Our profession is experiencing a generational shift that is both exciting and troubling.

Jul 12, 2016

  • Spring brought an unusually high number of retirement announcements within the independent school business officer profession — not just typical year-end turnover, but some luminaries of our field. Among them: an NBOA founder and the first leader of our board of directors, several business officers who are leaders regionally and nationally, and several more recent recipients of NBOA awards, both the Will Hancock Unsung Hero Award and our highest honor, the Ken White Distinguished Business Officer Award.
  • Last week, NACUBO's National Profile of Higher Education Chief Business Officers reported that nearly half (44 percent) plan to retire in the next three years.
  • In late June, Business Officer Institute, NBOA's five-day intensive program for new business officers, set an attendance record with 77 attendees and a waitlist. Most years we accommodate no more than 50 participants.

That record-breaking BOI attendance is what one of your colleagues calls "a Champagne problem," and I agree. After all, the program's many pulls always include a strong national reputation, a stellar faculty of seasoned and experienced business officers, and a fantastic location — this year, the beautiful campus of Harpeth Hall in Nashville.

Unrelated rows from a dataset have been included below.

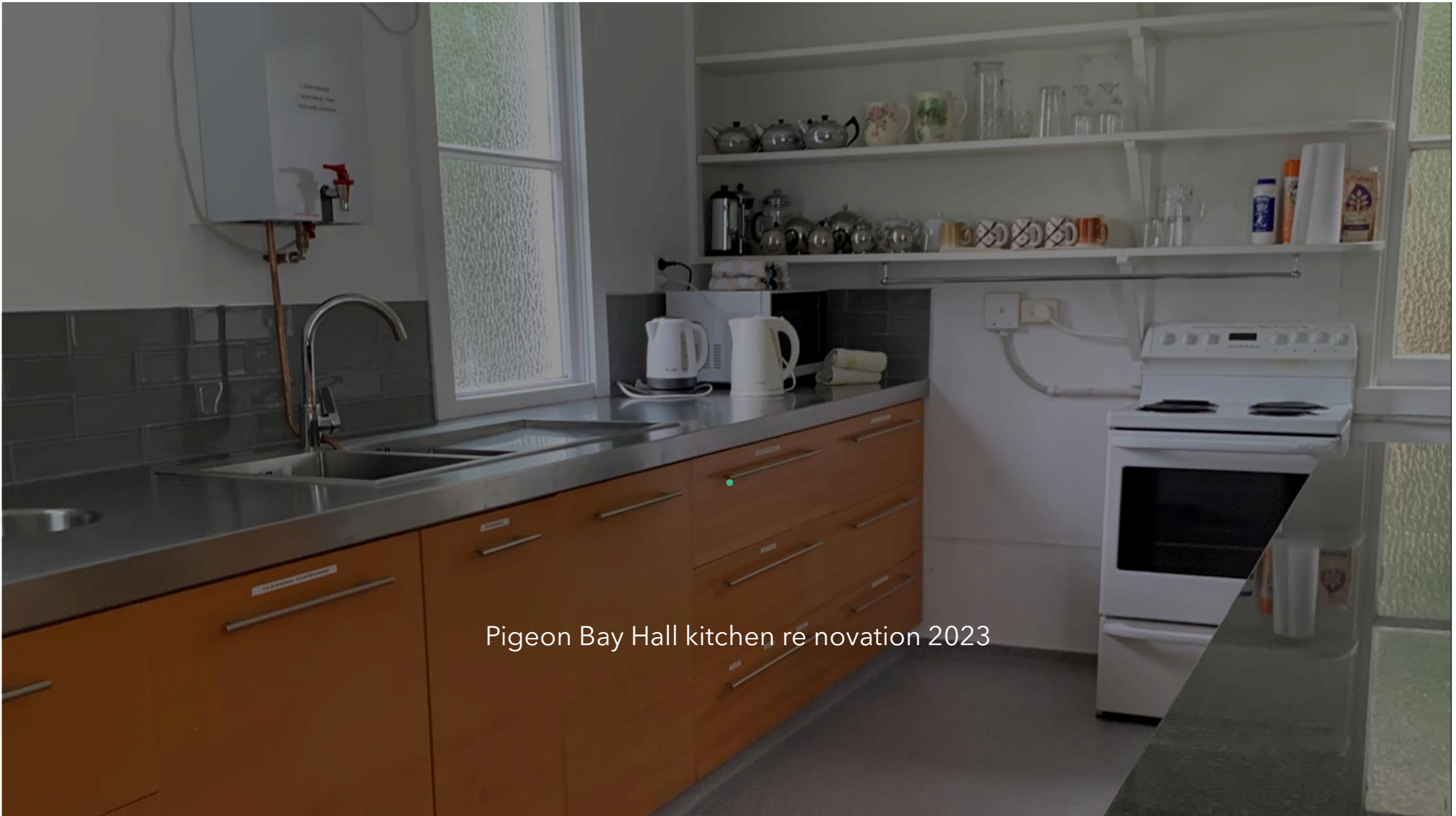
Pigeon Bay Hall kitchen re novation 2023
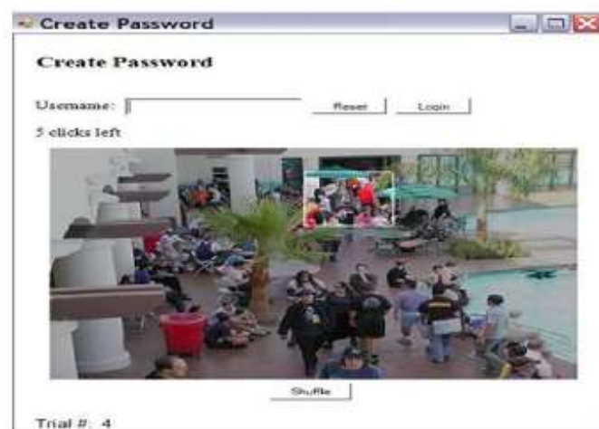
Fig.3: Password Creation in PCCP, Highlighted Area is Viewport

At the time of password creation users may shuffle as often as desired but it slows the process of password creation. Only at the time of password creation, the viewport and shuffle button appears. After the password creation process images displayed normally without the viewport and shuffle button. Then user has to select correct click on particular image. PCCP is a good technology but has security problems. Fig. shows the password creation process including viewport and shuffle button [4].
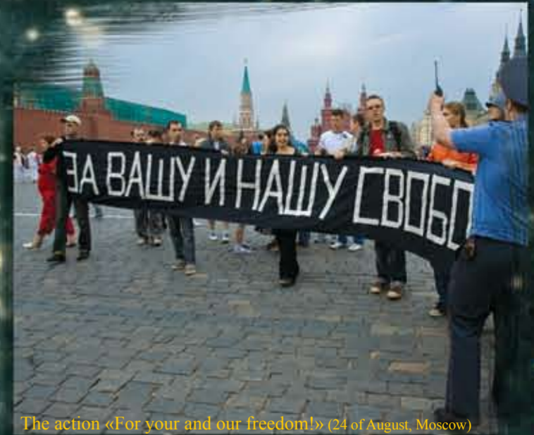
The action «For your and our freedom» (24 of August, Moscow)
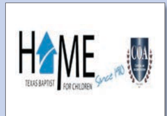
Texas Baptist Home Page 8
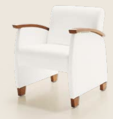
Domus Club-1 Flex with wooden ergonomic armrests and legs 09710 *
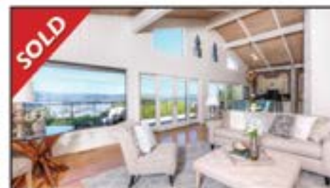
140 Currey Ave., Sausalito Coastal Contemporary 3BD/4BA w/Panoramic Views SOLD for $2,308,000

Only Trust a Proven LOCAL Specialist with the Sale of Your Greatest Asset – Google our Zillow Reviews!
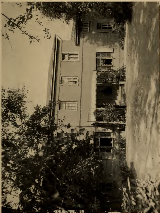
TOLSTOY'S HOME IN MOSCOW
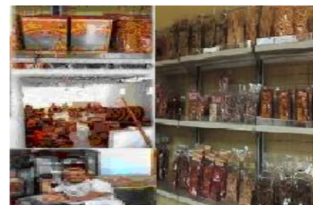
6) situation in the Opak Oded Outlet
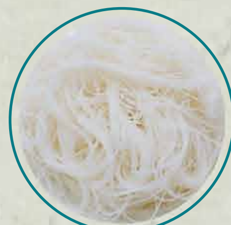
Rice Vermicelli Noodle
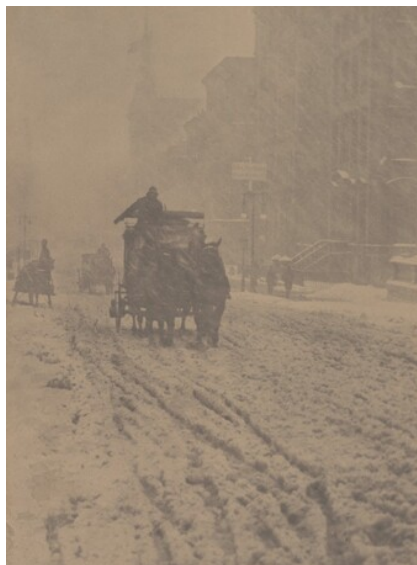
Alfred Stieglitz Winter—Fifth Avenue 1893, printed 1897 or later carbon print Key Set Number 84 same negative
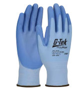
16-322 18 gauge
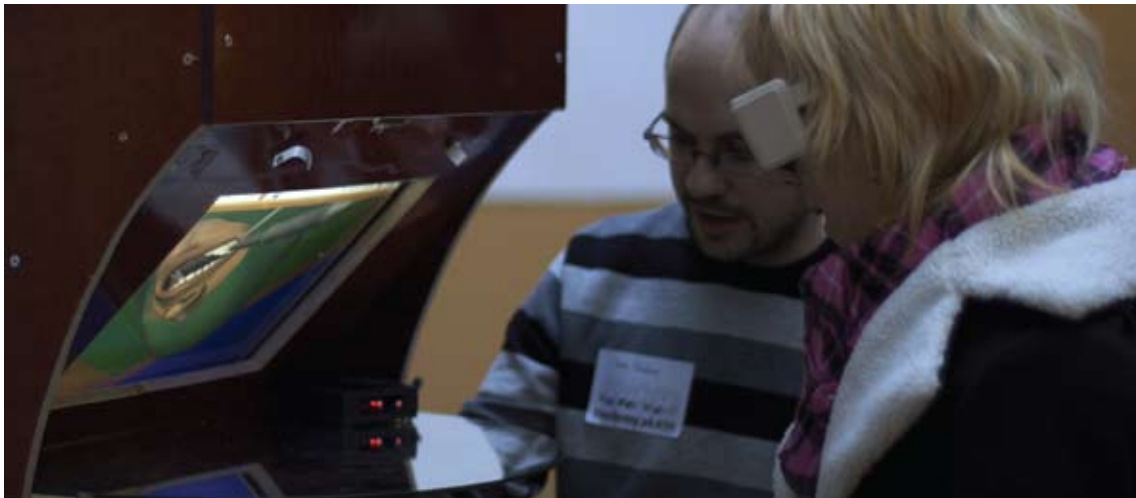
The tradition of CSC is to invite all students and their families to a family day. Pictures from Family Day 2009.
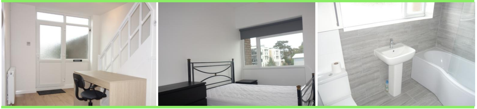
First Floor Approx. 34.8 sq. metres
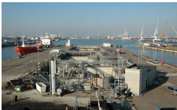
Fixed reception and treatment facility
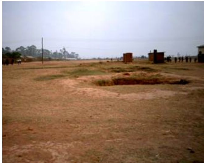
Photo of open rubbish pit on school grounds taken by Zambian primary school students

Students generally shied away from simplistic answers to the problems posed by open rubbish pits in schools. None of the students we spoke with suggested that it would be possible to get rid of rubbish pits altogether. The students who took the photograph below explained: '(A rubbish) pit at school is important. But the way we keep it is not the way you have to keep it. That is the badness.'
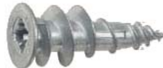
Zinc Twist Anchors
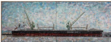
“trip to...” Vol.6 Kobe, Japan “Tanker” / P20号×2(1454×530mm) 2015
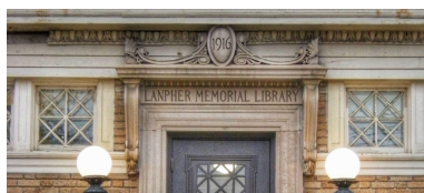
Lanpher Memorial Library
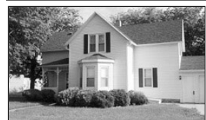
204 Brown St • Gayville $137,000

Beautiful 2 story home 4-bedrooms, formal dining, large kitchen, main floor laundry and oversized garage. Call Brad Dykes (605)660-1414. Shore to Shore Realty, LLC.

But I think the numbers behind those 77 attendees (many of them replacing retiring business officers), as well as the other retirement indicators, should in fact be sobering. Because while all business officers are deserving of their retirement plans, the loss of any one — the wisdom and knowledge gained only by years of rolling up one's sleeves over the course of a career — poses a challenge to the schools left behind. Moreover, the collective trend is a concern because it may represent the beginning of a tide within independent schools.

Consider this. The average age of NBOA members is 53.4 years old, according to the 2014 – 2015 Business Office Survey. That's a bit younger than the average age of higher-ed business officers (56), but we've been in our roles a little longer (our average tenure is 10.2 years, compared to 8 years for NACUBO members). More concerning is this: Our members have an average of 28.7 years of professional experience. Couple that number with the fact that we are largely a "mid-career" profession, and it's easy to surmise that a vast majority of our members will fuel a trajectory of mass retirements in the very near future.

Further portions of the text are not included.